Ночь перед акцией. Арктур не спал. Он смотрел на гипсовую маску Мыслителя, лежавшую на столе. Маска и его собственное лицо слились воедино. Система, желая создать жалкую пародию на врага, случайно создала идеал. Она вложила в его уста ту самую правду, которую так тщательно вытравливала. И он поверил. Поверил в созданный ею же миф о самом себе.
«Они хотят театра, – прошептал он маске. – Так получите его. Но по-настоящему».

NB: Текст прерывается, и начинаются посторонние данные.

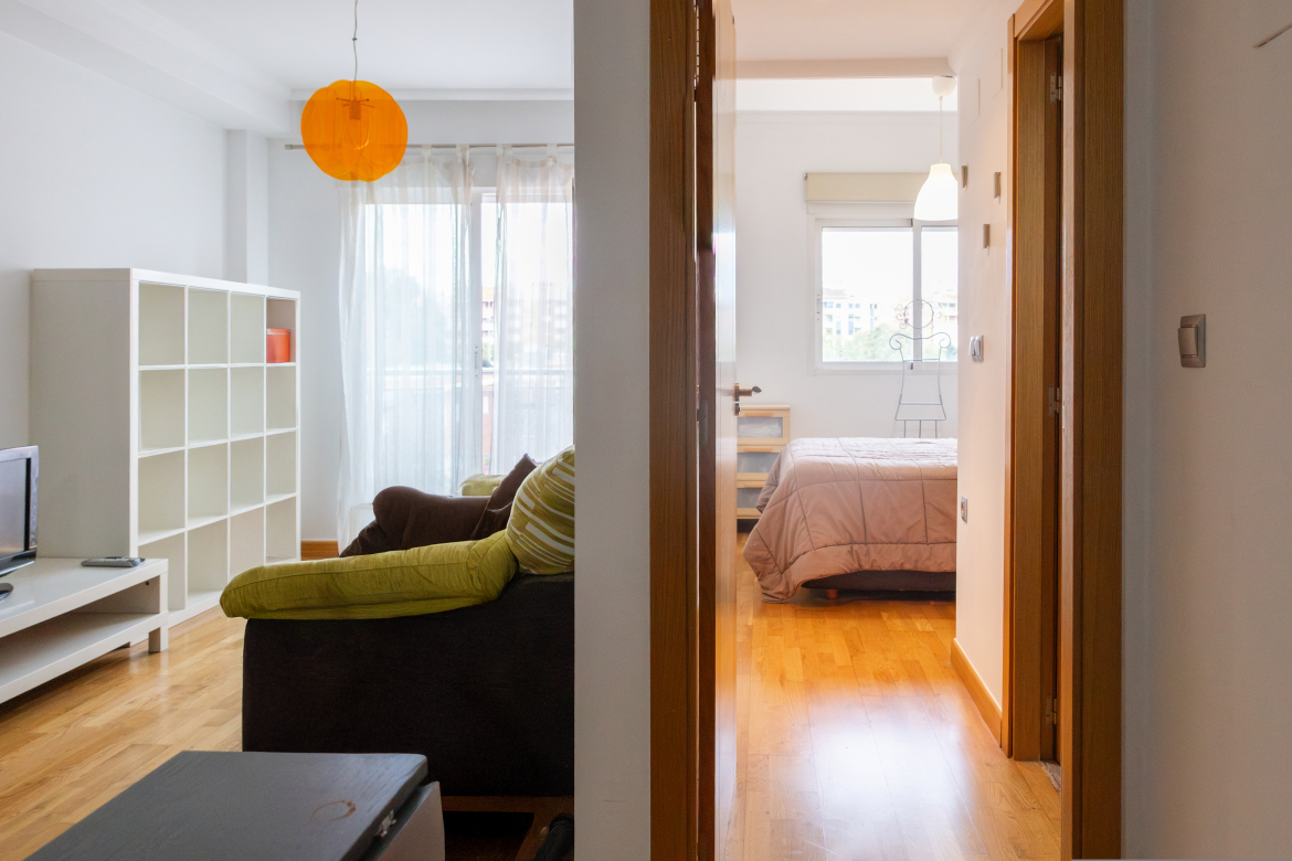 Apartamento luminoso en El Ranero, Avda. San Pedro del Pimatar Ubicación y orientación Apartamento situado en el consolidado barrio de El Ranero, frente al Colegio Juan XXIII. La vivienda se encuentra en segunda planta y dispone de orientación sur, lo que proporciona una excelente entrada de luz natural, además de vistas despejadas. Superficie y distribución (ver plano) La vivienda cuenta con una superficie construida de 50 m² y presenta una distribución funcional y bien aprovechada. Se compone de salón-comedor con cocina americana integrada, balcón con salida desde la zona de estar, un dormitorio independiente y un baño completo. Calidades y equipamiento El edificio fue construido en 2007 y dispone de una cuidada memoria de calidades. La carpintería exterior es de aluminio con doble acristalamiento, las puertas interiores son lisas en madera de roble y el pavimento es de tarima de madera noble también de roble. La vivienda cuenta además con sistema de aire acondicionado centralizado por conductos y cocina totalmente equipada. Aspectos destacables Destaca especialmente la luminosidad natural del apartamento, puesto que las dos estancias dan a fachada, favorecida por su orientación sur, así como sus vistas despejadas y su ubicación dentro de una de las zonas residenciales más consolidadas y valoradas de Murcia.

На следующее утро площадь Согласия была запружена народом. Чистые наблюдали с балконов, Служащие толпились внизу. На сцене – Арктур и его «Тени». Камеры включены. Отряд Чистоты замер в ожидании сигнала.
Арктур вышел вперед. Но вместо тухлого помидора он поднял над головой не кусок бутафорского щебня, а настоящий обломок гранита, подобранный им ночью. Его речь была не заученным текстом, а криком души.
«Они говорят, что этот Столб – символ прочности! – гремел он. – Но я говорю, что это глыба, придавившая нас! Они говорят, что он хрустальный! А я говорю, что он глиняный, и треснет от одного сильного удара!»
Он размахнулся и изо всех сил швырнул камень в основание Хрустального Столба.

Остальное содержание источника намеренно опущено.